→ **WHAT THE TASK ASKS**: Using only the entries below, copy exactly the lines that begin at the one with "La exposición recoge" and end at the one with "2 ブラック レディース", both included. Drop the pictures.

→ **MATERIALS PROVIDED**:
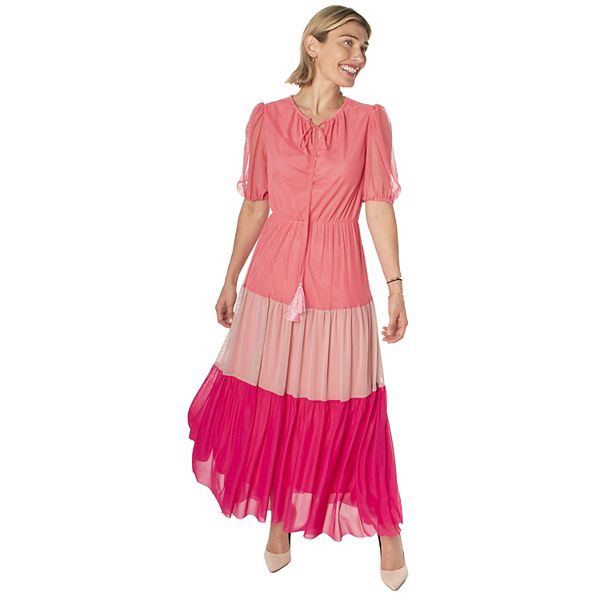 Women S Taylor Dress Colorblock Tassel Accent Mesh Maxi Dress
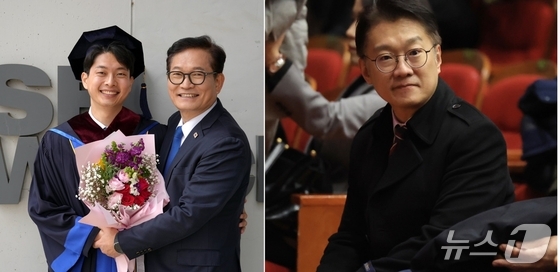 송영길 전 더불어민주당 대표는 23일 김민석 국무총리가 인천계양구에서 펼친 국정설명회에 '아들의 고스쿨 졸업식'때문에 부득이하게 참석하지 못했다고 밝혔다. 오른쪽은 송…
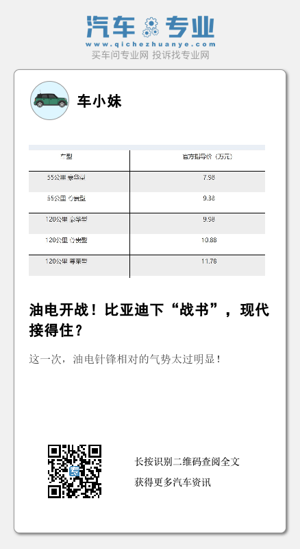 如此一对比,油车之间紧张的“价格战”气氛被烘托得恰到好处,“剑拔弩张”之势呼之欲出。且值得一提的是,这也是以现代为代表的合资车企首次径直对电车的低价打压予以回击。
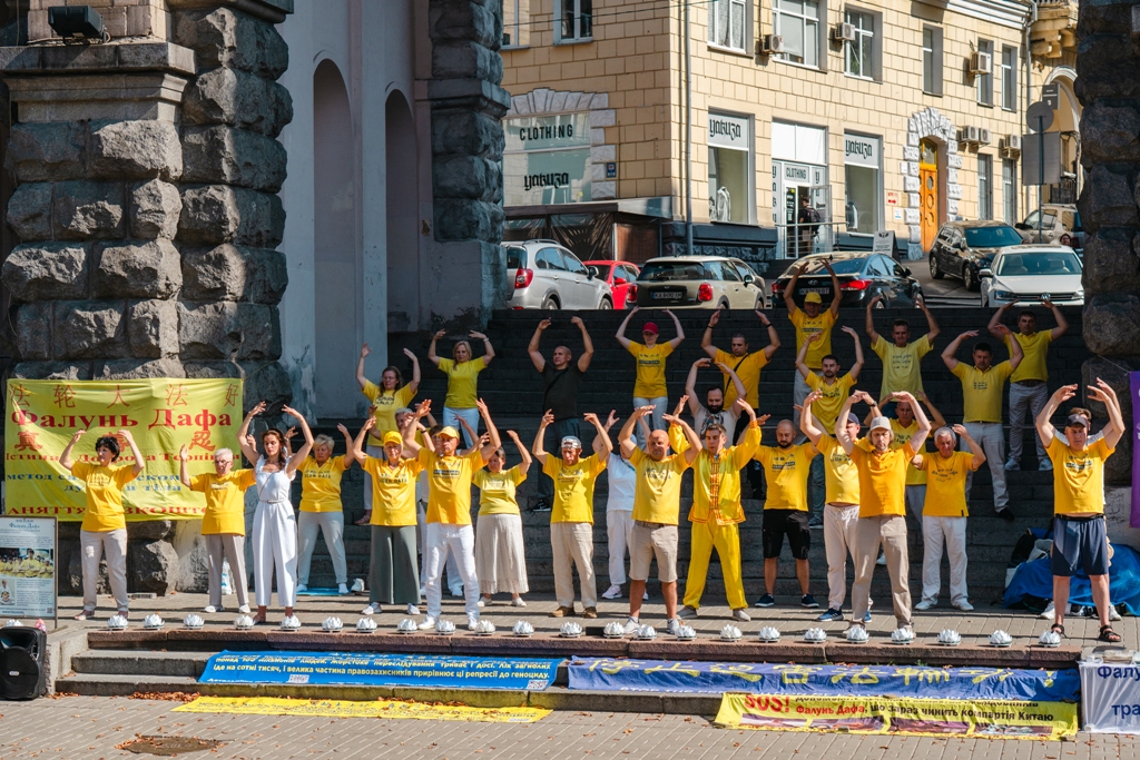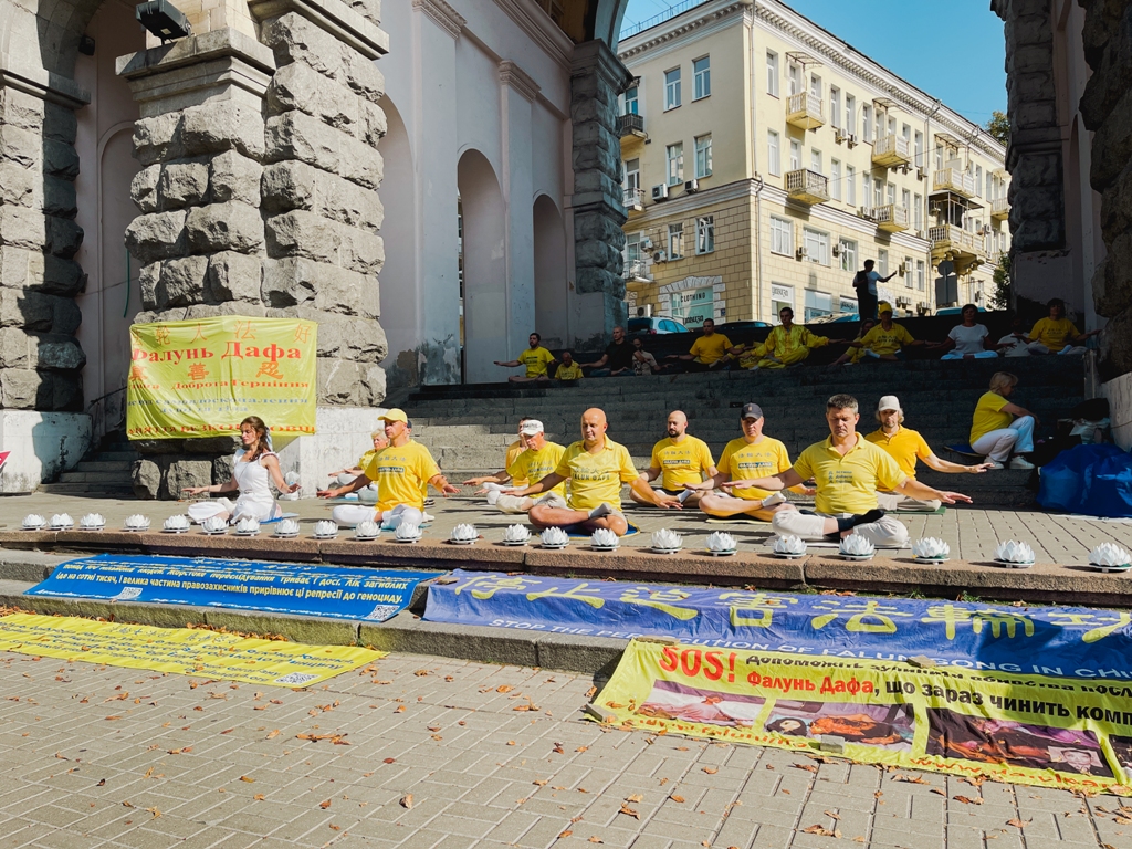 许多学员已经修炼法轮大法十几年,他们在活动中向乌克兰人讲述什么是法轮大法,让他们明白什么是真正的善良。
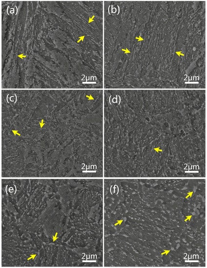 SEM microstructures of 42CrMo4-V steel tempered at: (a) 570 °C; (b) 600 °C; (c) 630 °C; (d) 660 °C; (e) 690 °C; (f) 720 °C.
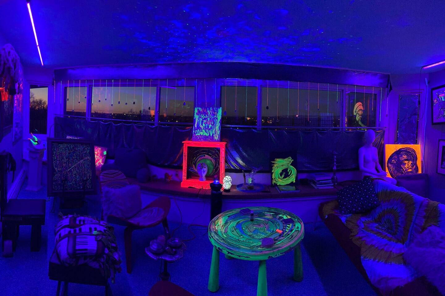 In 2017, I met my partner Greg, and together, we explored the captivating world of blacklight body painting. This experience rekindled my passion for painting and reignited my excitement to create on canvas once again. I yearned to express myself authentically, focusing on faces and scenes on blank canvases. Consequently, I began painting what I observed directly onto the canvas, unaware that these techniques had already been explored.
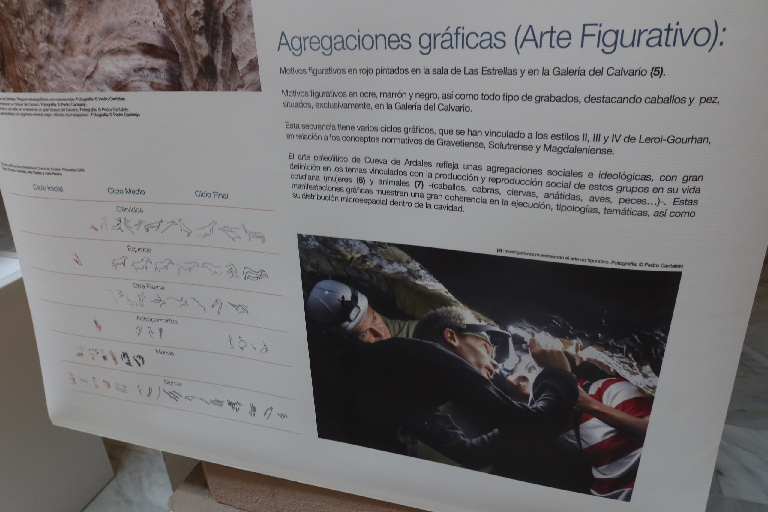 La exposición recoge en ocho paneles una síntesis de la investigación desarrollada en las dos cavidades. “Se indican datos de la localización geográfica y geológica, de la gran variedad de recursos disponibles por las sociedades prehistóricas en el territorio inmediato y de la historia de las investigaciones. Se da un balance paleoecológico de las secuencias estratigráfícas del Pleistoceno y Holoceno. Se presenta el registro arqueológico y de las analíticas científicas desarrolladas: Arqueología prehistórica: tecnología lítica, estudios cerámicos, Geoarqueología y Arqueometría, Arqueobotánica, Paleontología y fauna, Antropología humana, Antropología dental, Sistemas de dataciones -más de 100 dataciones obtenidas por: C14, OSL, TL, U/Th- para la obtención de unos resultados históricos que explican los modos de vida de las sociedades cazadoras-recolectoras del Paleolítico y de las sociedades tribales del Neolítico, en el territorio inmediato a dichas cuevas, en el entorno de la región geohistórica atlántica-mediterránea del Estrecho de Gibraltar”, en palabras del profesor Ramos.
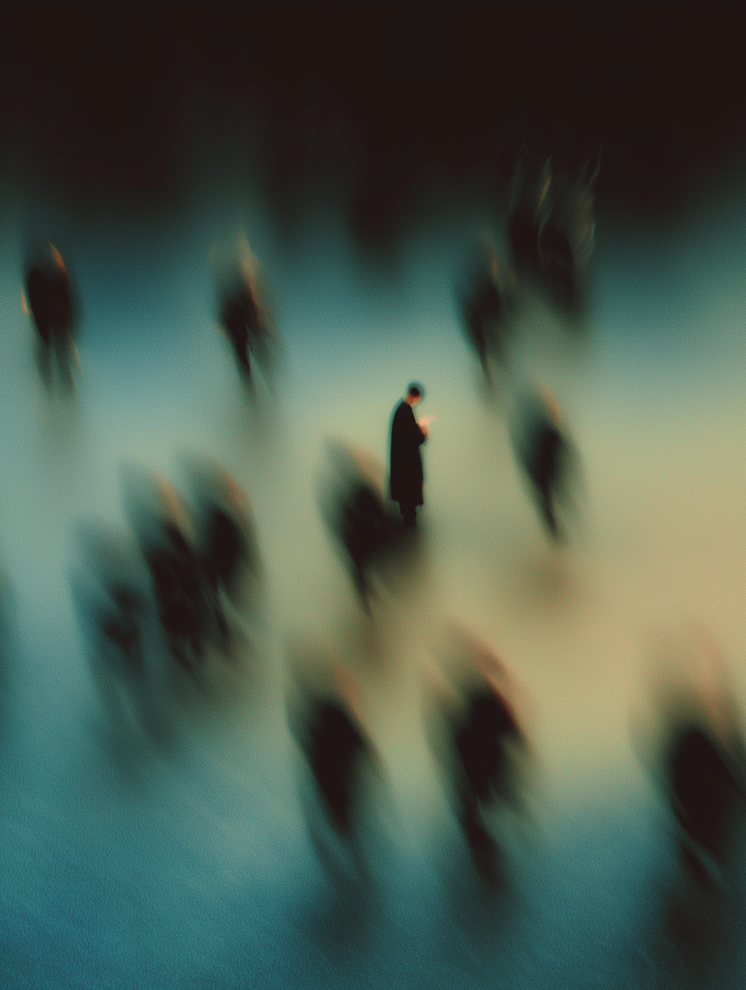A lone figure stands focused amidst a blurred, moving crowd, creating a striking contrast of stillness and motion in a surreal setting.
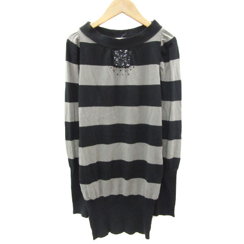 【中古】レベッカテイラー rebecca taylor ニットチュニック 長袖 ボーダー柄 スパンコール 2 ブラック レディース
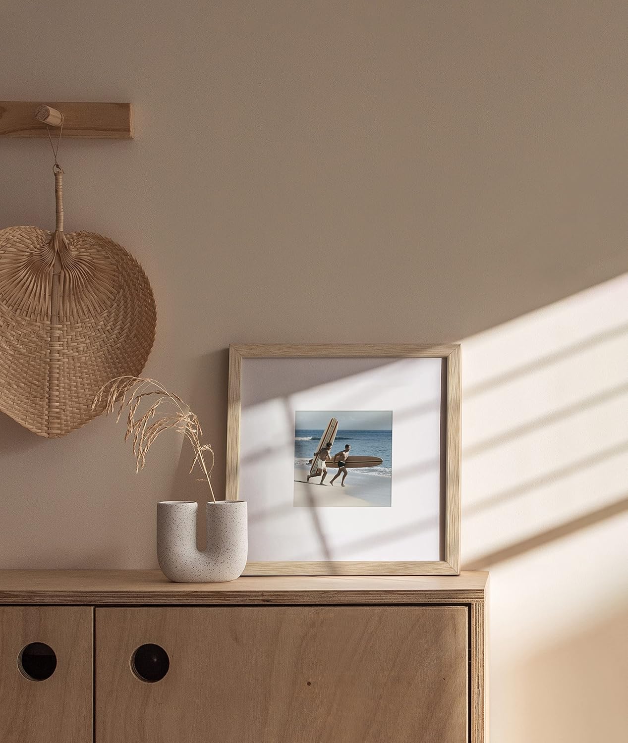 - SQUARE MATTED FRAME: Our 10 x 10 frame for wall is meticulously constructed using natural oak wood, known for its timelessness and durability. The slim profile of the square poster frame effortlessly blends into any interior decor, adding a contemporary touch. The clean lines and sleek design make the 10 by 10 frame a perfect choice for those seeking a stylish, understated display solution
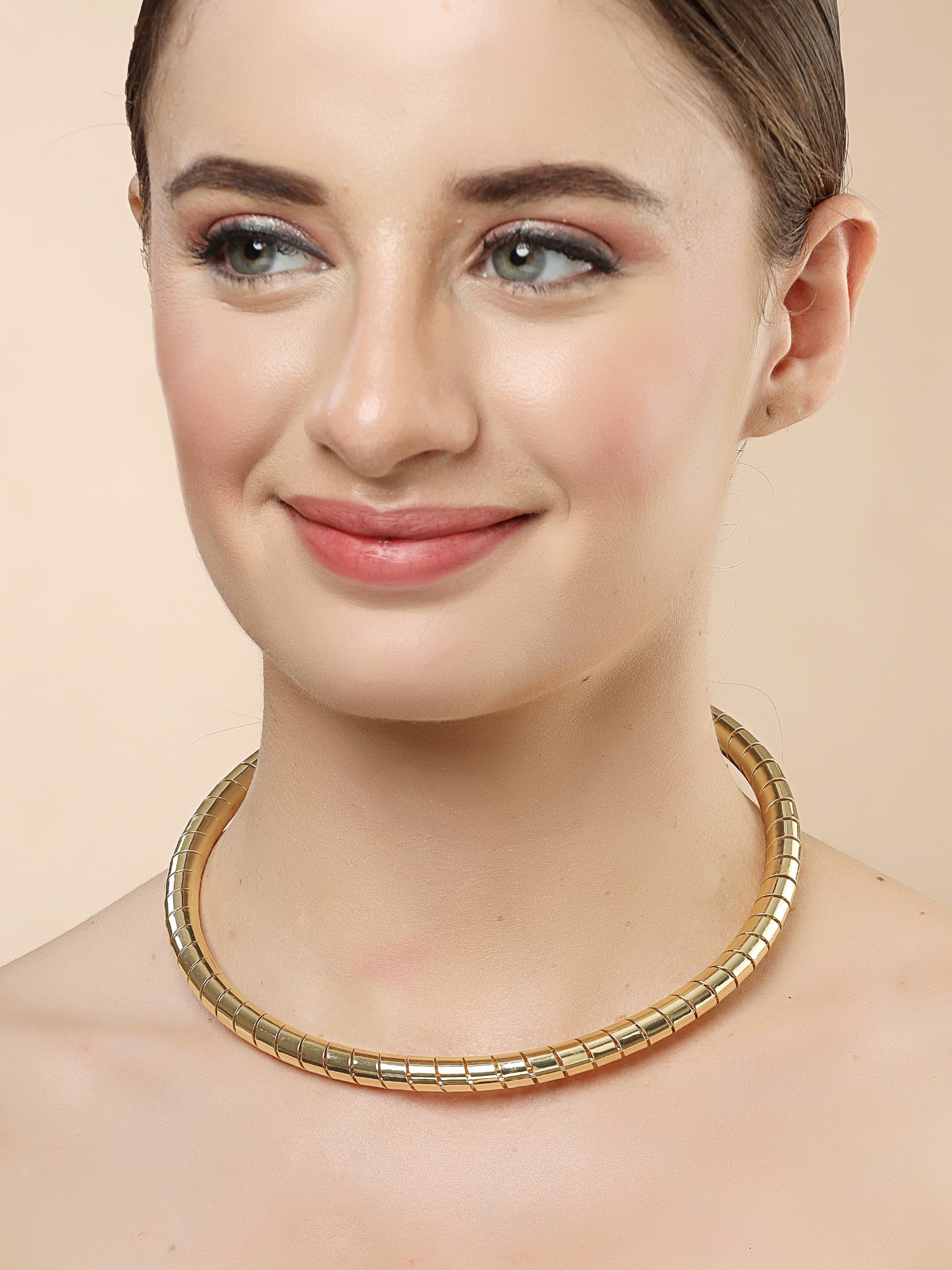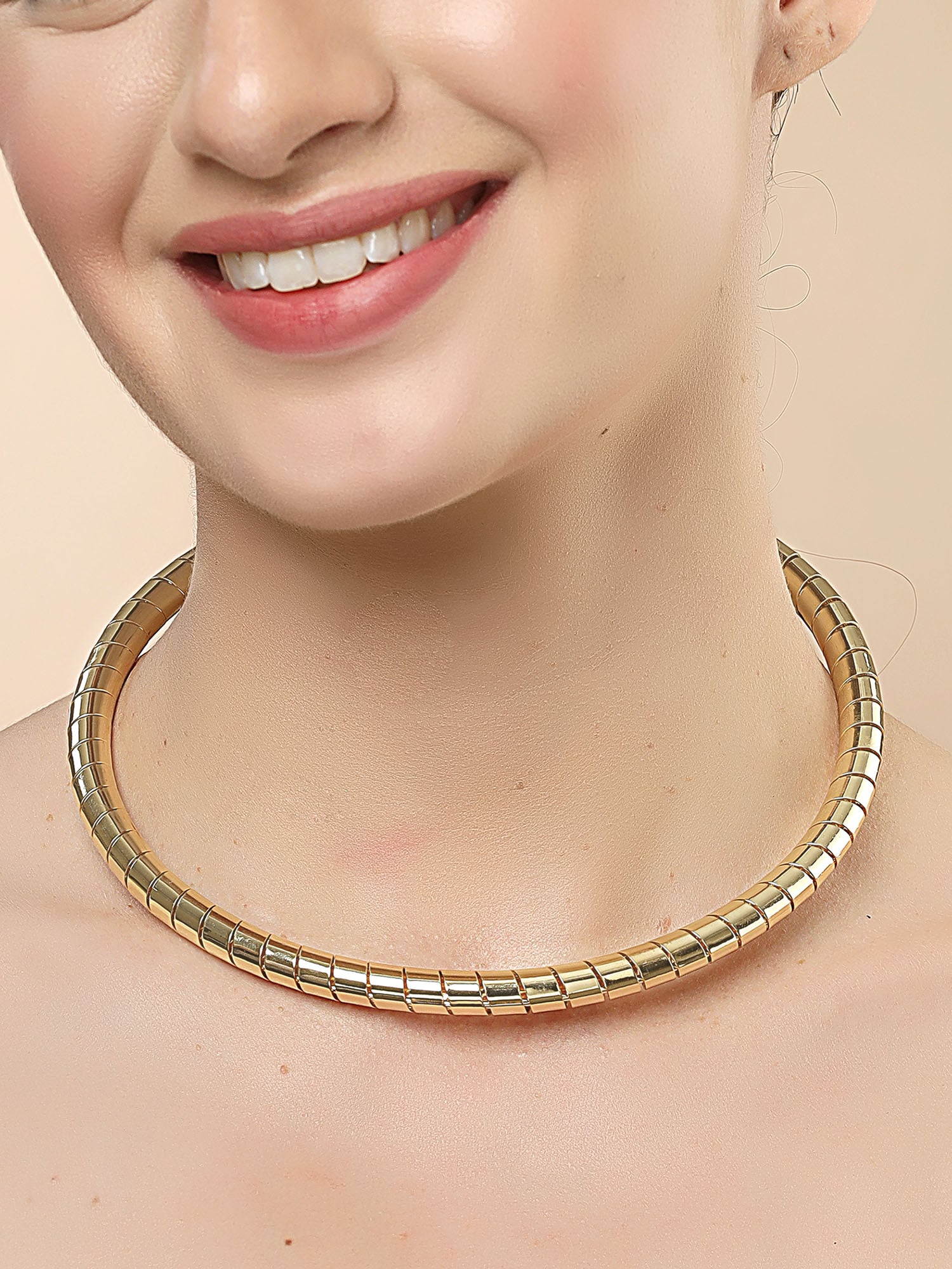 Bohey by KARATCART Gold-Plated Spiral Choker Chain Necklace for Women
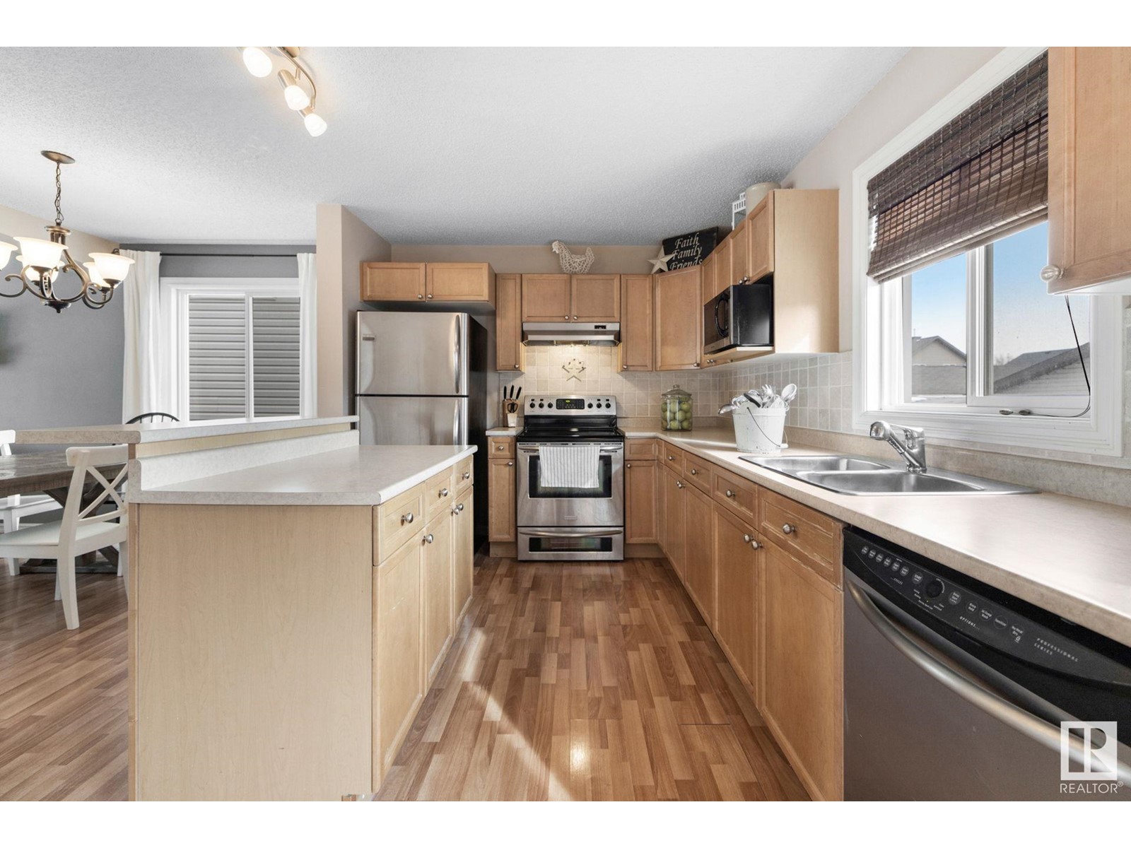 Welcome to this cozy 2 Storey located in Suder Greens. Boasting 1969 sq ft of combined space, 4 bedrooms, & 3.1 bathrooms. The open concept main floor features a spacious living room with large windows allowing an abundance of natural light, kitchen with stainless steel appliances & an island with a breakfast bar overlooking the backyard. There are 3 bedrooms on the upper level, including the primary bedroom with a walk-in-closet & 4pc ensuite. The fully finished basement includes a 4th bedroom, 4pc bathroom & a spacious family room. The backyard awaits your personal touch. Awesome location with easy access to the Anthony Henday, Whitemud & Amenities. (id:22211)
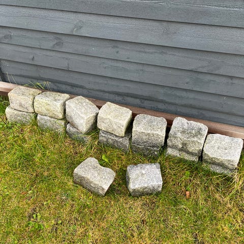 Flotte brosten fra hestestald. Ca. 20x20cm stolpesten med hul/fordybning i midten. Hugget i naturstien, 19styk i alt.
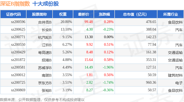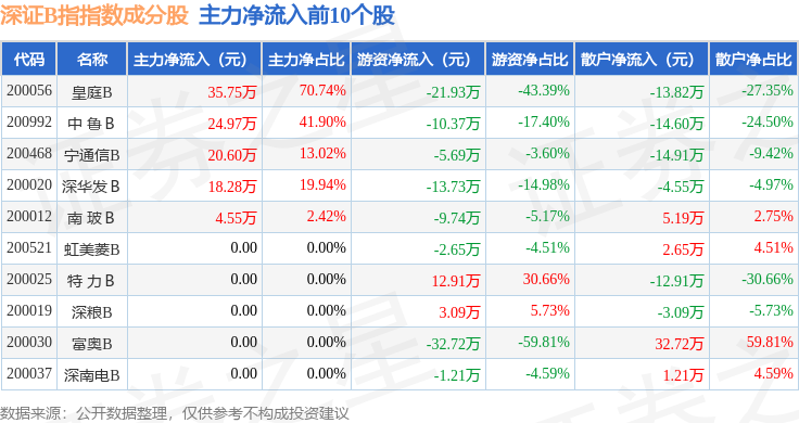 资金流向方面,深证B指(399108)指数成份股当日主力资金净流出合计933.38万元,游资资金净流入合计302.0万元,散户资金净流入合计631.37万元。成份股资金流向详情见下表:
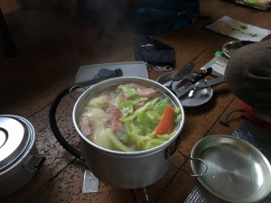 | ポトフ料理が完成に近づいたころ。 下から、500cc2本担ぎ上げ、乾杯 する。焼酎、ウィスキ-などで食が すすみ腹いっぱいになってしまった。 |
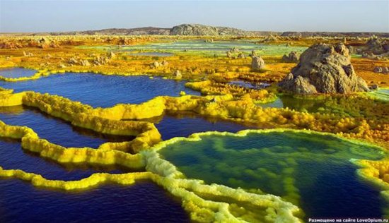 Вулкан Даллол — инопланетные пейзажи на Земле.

→ **THE ANSWER**:
 La exposición recoge en ocho paneles una síntesis de la investigación desarrollada en las dos cavidades. “Se indican datos de la localización geográfica y geológica, de la gran variedad de recursos disponibles por las sociedades prehistóricas en el territorio inmediato y de la historia de las investigaciones. Se da un balance paleoecológico de las secuencias estratigráfícas del Pleistoceno y Holoceno. Se presenta el registro arqueológico y de las analíticas científicas desarrolladas: Arqueología prehistórica: tecnología lítica, estudios cerámicos, Geoarqueología y Arqueometría, Arqueobotánica, Paleontología y fauna, Antropología humana, Antropología dental, Sistemas de dataciones -más de 100 dataciones obtenidas por: C14, OSL, TL, U/Th- para la obtención de unos resultados históricos que explican los modos de vida de las sociedades cazadoras-recolectoras del Paleolítico y de las sociedades tribales del Neolítico, en el territorio inmediato a dichas cuevas, en el entorno de la región geohistórica atlántica-mediterránea del Estrecho de Gibraltar”, en palabras del profesor Ramos.
A lone figure stands focused amidst a blurred, moving crowd, creating a striking contrast of stillness and motion in a surreal setting.
 【中古】レベッカテイラー rebecca taylor ニットチュニック 長袖 ボーダー柄 スパンコール 2 ブラック レディース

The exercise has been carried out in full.